Tuesday, January 22, 2013

David Neill



David Neill was half a generation ahead of me and so, although we were both of Offaly Street, we never shared a youthful friendship.  However, he was part of the memories gathered by me during years spent in No. 6 and later No. 5 Offaly Street.  Memories of families who lived in the street – treasured memories of happy times spent amongst people who although not rich in the material sense were nevertheless happy and content.

David’s funeral last week brought members of some of those families who once lived in Offaly Street back to Athy to pay their respects.  Next door neighbours Tommy Tuohy and Brendan Murphy were joined by members of the Kelly, Moore and Taaffe families, all of whom lived in close proximity to each other over 60 years ago.  In those days there was a sense of pride in our own street – our own part of Athy where we knew our neighbours and treasured friendships which endured over the years.  We identified with our neighbours foibles, measured ourselves against their achievements and took pride and shared sorry in equal measure in the trials of everyday life. 

David was part of that simple life we all enjoyed then and he reaffirmed his Offaly Street allegiances when he married May Breen, whose family were residents of Offaly Street long before the Taaffes migrated from Castlecomer in 1945.

Brendan Murphy, whose family home next door to the Neills was torn down and rebuilt during the Celtic Tiger years, travelled from Tramore where he now lives in retirement.  He remembers better than I could Alec Neill and his formidable wife and the almost daily visits by Mrs.

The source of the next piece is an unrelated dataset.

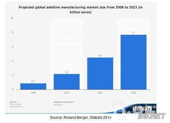 3D打印技術(shù)是近兩年全球制造業(yè)中的一個(gè)熱門話題。根據(jù)市場(chǎng)研究機(jī)構(gòu)Statista的統(tǒng)計(jì)預(yù)測(cè),到2013年底,全球3D打印市場(chǎng)的整體規(guī)模約為22億歐元(約30億美元), 2018年全球3D打印市場(chǎng)的規(guī)模將達(dá)到45億歐元(約61億美元),到2023年則繼續(xù)上升至77億歐元(約105億美元)。實(shí)際上,3D打印技術(shù)的正式名稱為增材制造,它基于數(shù)字化三維CAD設(shè)計(jì)數(shù)據(jù),使用塑料和金屬粉末等作為原材料來生產(chǎn)各種零件模型。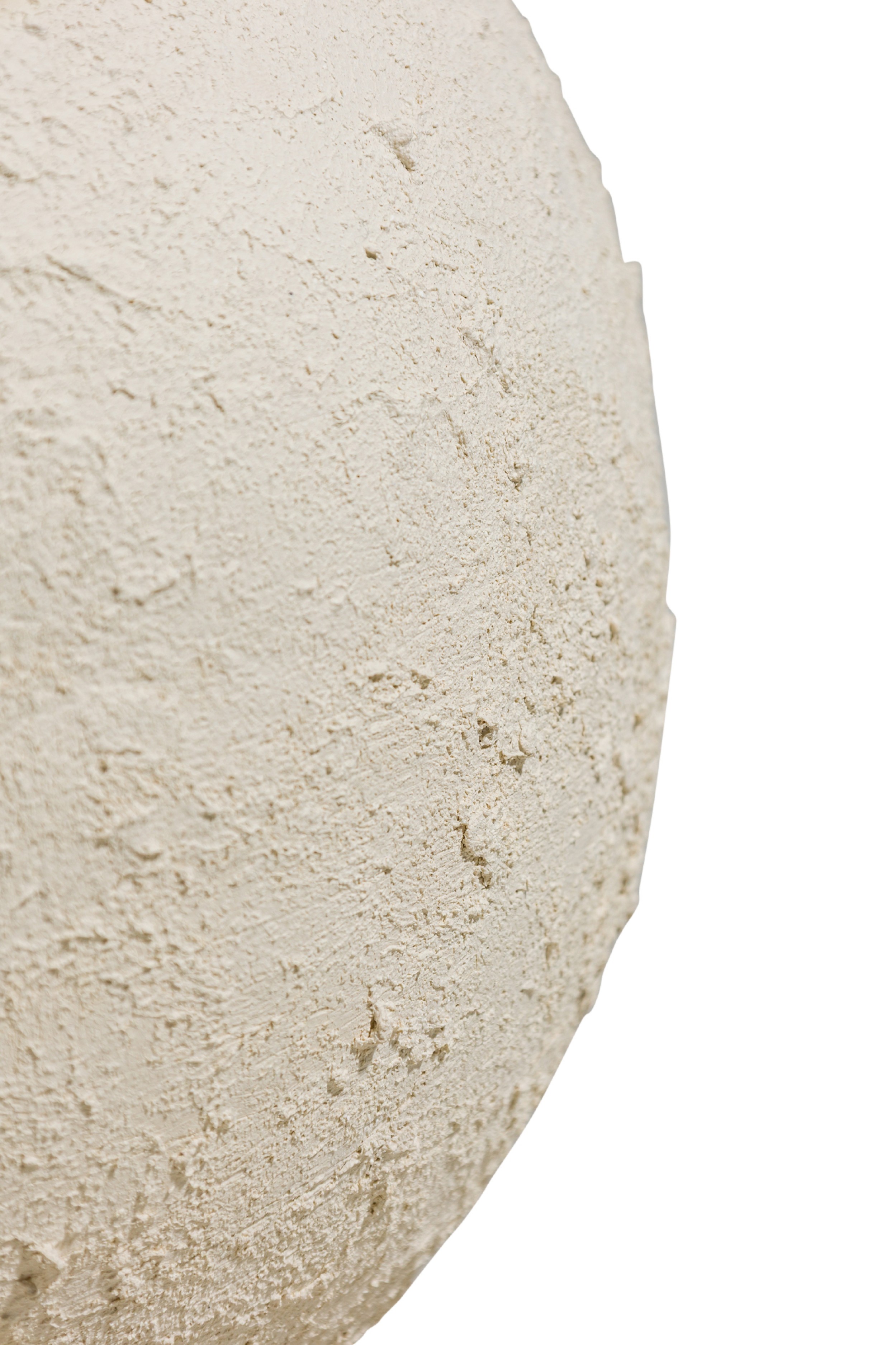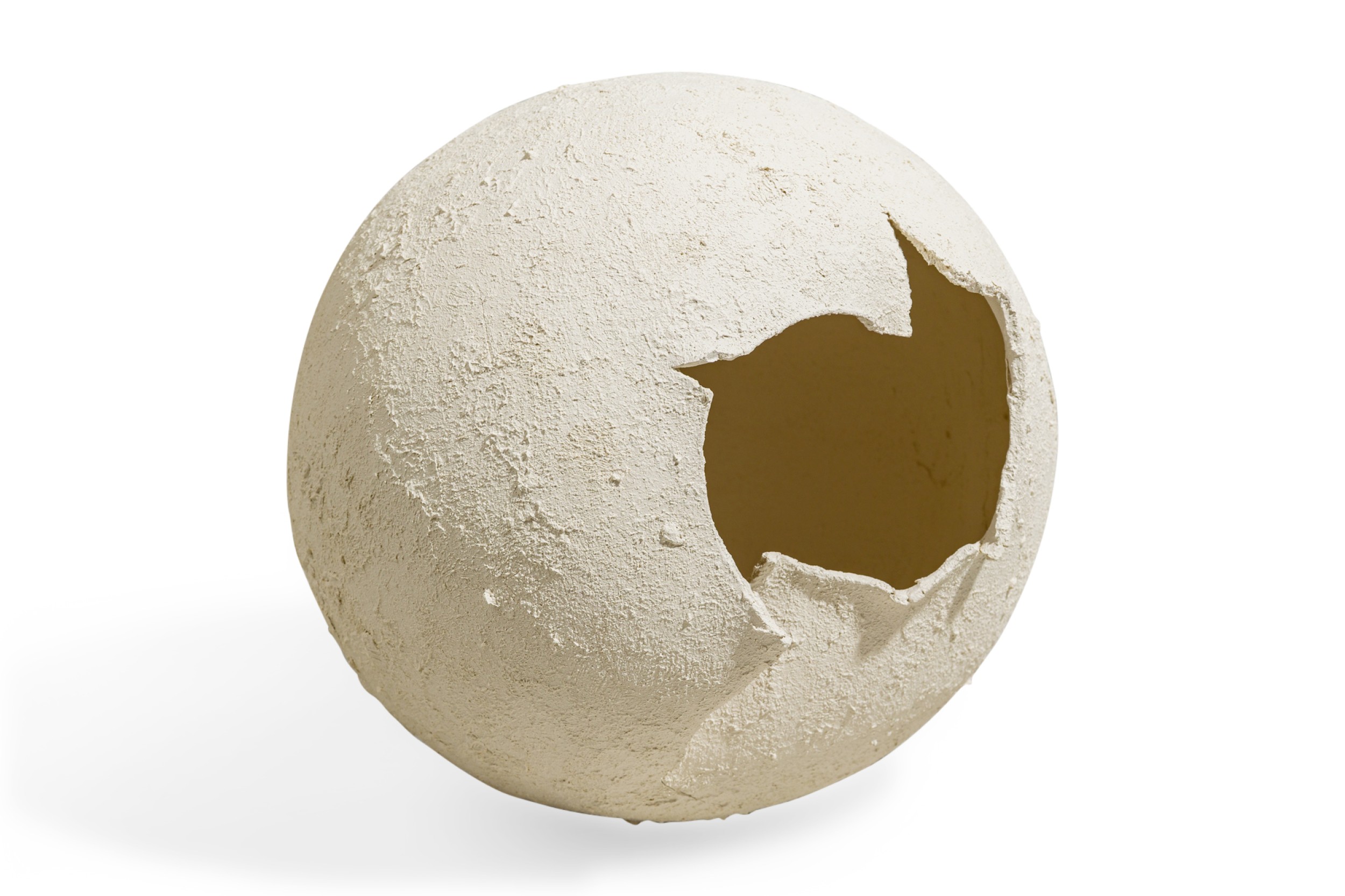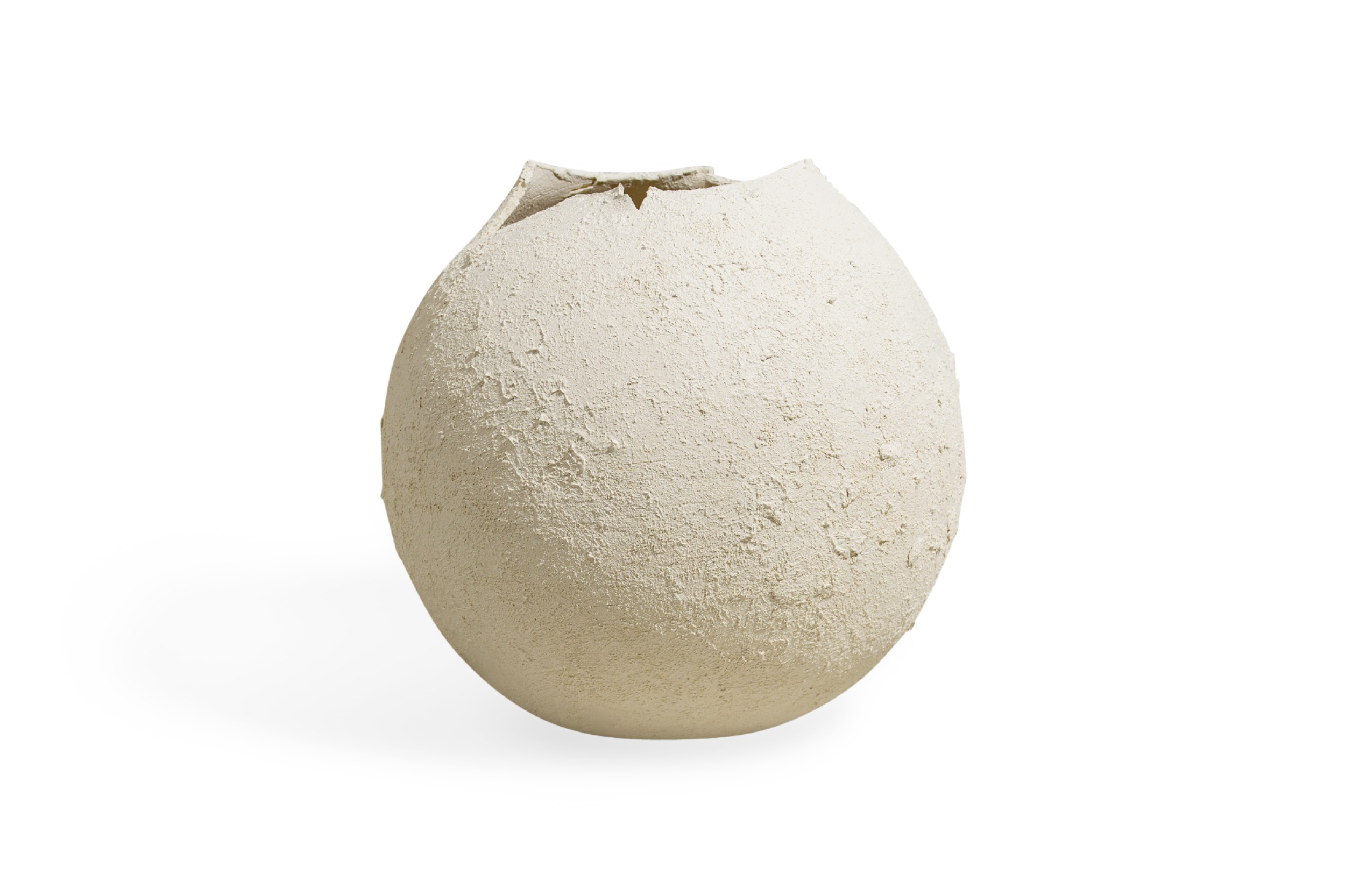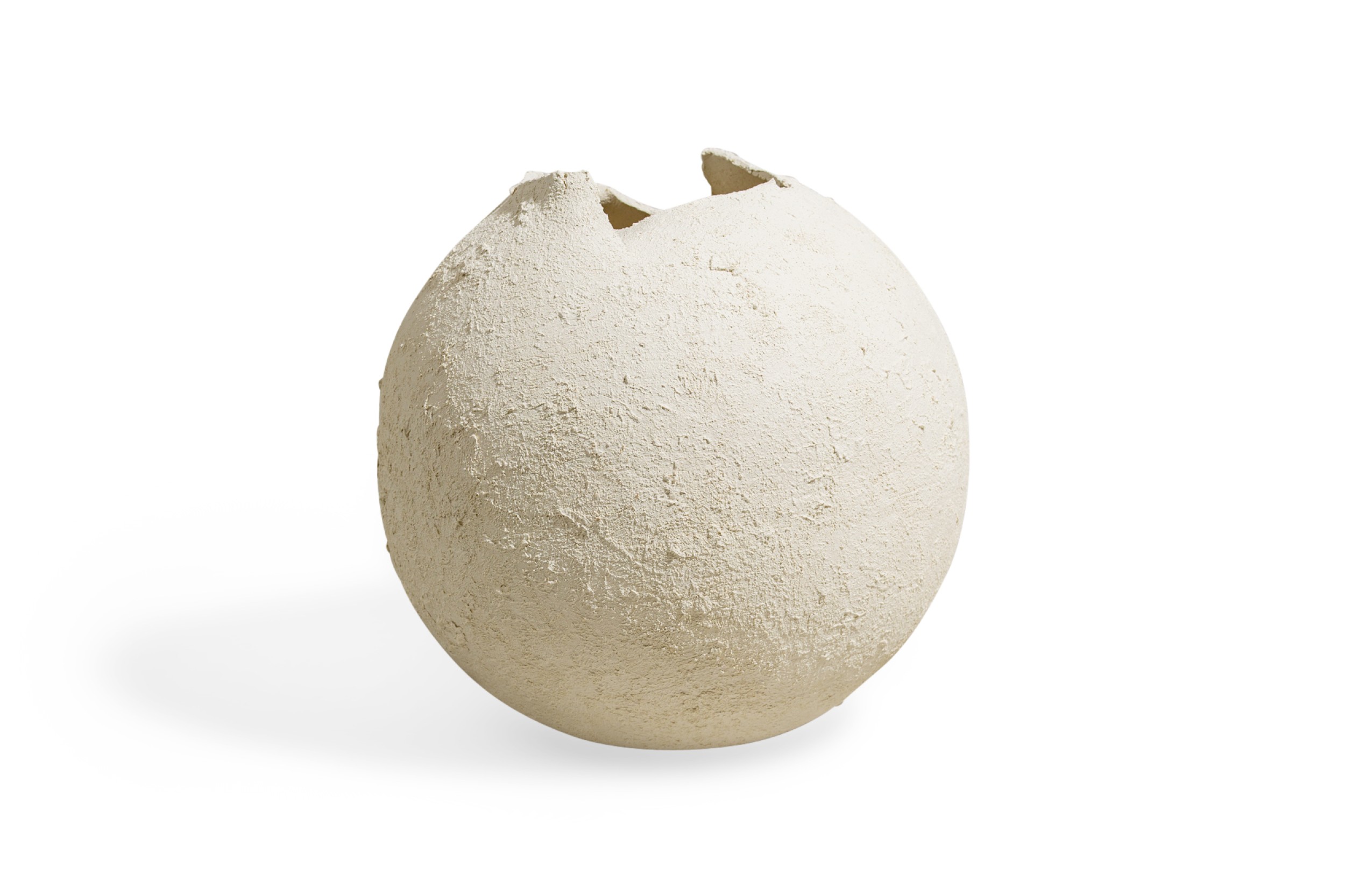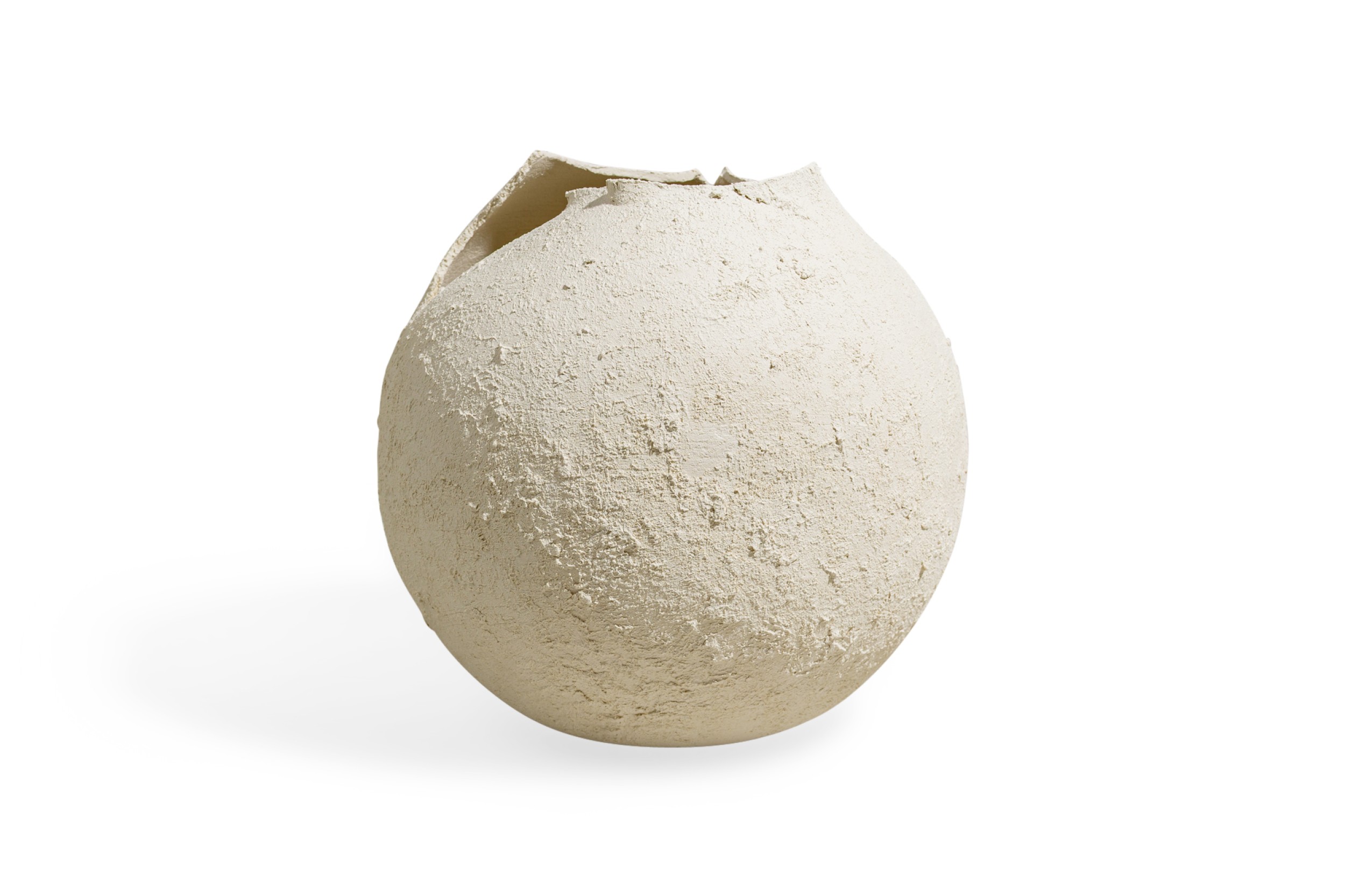 Contemporary sculptural urn/vase featuring a hand-crafted spherical beige body with an irregular, organically cracked opening and a rich textural surface (LAURA PASQUINO)

Neill to her next door neighbours, the Murphys.  On the far side of the Neill home lived the Tuohy family and Fr. Tommy Tuohy, fulfilling a now well established tradition of officiating at ‘Offaly Street funerals’,  once again officiated at the funeral mass in St. Michael’s Parish Church.

Offaly Street is now changed, with only Marjorie Kelly and Nan Breen still living in the houses where their respective families lived for so long.  It is still a street of memories – a street where the past is reflected in the seemingly unchanging house fronts of another era.  What I can remember with some pride is the way in which the adults of 60 or so years ago played their part in the local community.  David Neill was one such man.  He was one of several who week in week out went from house to house collecting money for the Parish Church Building Fund.  Later on David was a member of the Swimming Pool Fundraising Committee which worked tirelessly to collect monies to build the town’s first swimming pool.  He was also one of the early members of the local Credit Union and in most recent years was actively involved with Athy’s Rugby Club.

Like so many others in the town David Neill contributed in his quiet but effective way to the well being of the local community.  Athy of the 1950s and 1960s was marked by a huge upsurge in community centered activity.  It was a time of whole hearted involvement by many locals seeking to provide facilities which were lacking in the town.  We now have a Credit Union and a swimming pool thanks to the voluntary work of people like David Neill and we can boast of superb facilities in our local sports clubs, once again due to the voluntary work of generations of Athy men and women.

On a personal note I want to record the passing of historian Robert Kee and poet Dennis O’Driscoll.  Robert Kee’s book ‘The Green Flag’ was the catalyst which awakened my interest in Irish history, while Dennis O’Driscoll’s poetic work has been a favourite of mine ever since I first came across a copy of his collected works published in 2004.  Strangely I never met Dennis O’Driscoll, yet when I look at Kim Haughton’s photo of the poet which graces the cover of his collected works I am conscious that I am looking at a man who was very familiar to me.  Yet I cannot say why.  His poem ‘The Home Town’ has the following lines which seem appropriate to include in a tribute to a volunteer of the past :

‘And a bond deepened between you: you responded to its easygoing wit,
its readiness to lift a hand, took pride in its sizeable stadium, watched
the river flee beneath the bridge like a non-stop mainline train.

Hardly a day passes that the town does not cross your mind,
and though, officially, you’ve left behind the confines of its square,
acquired what lawyers call new domicile, it still answers to home.’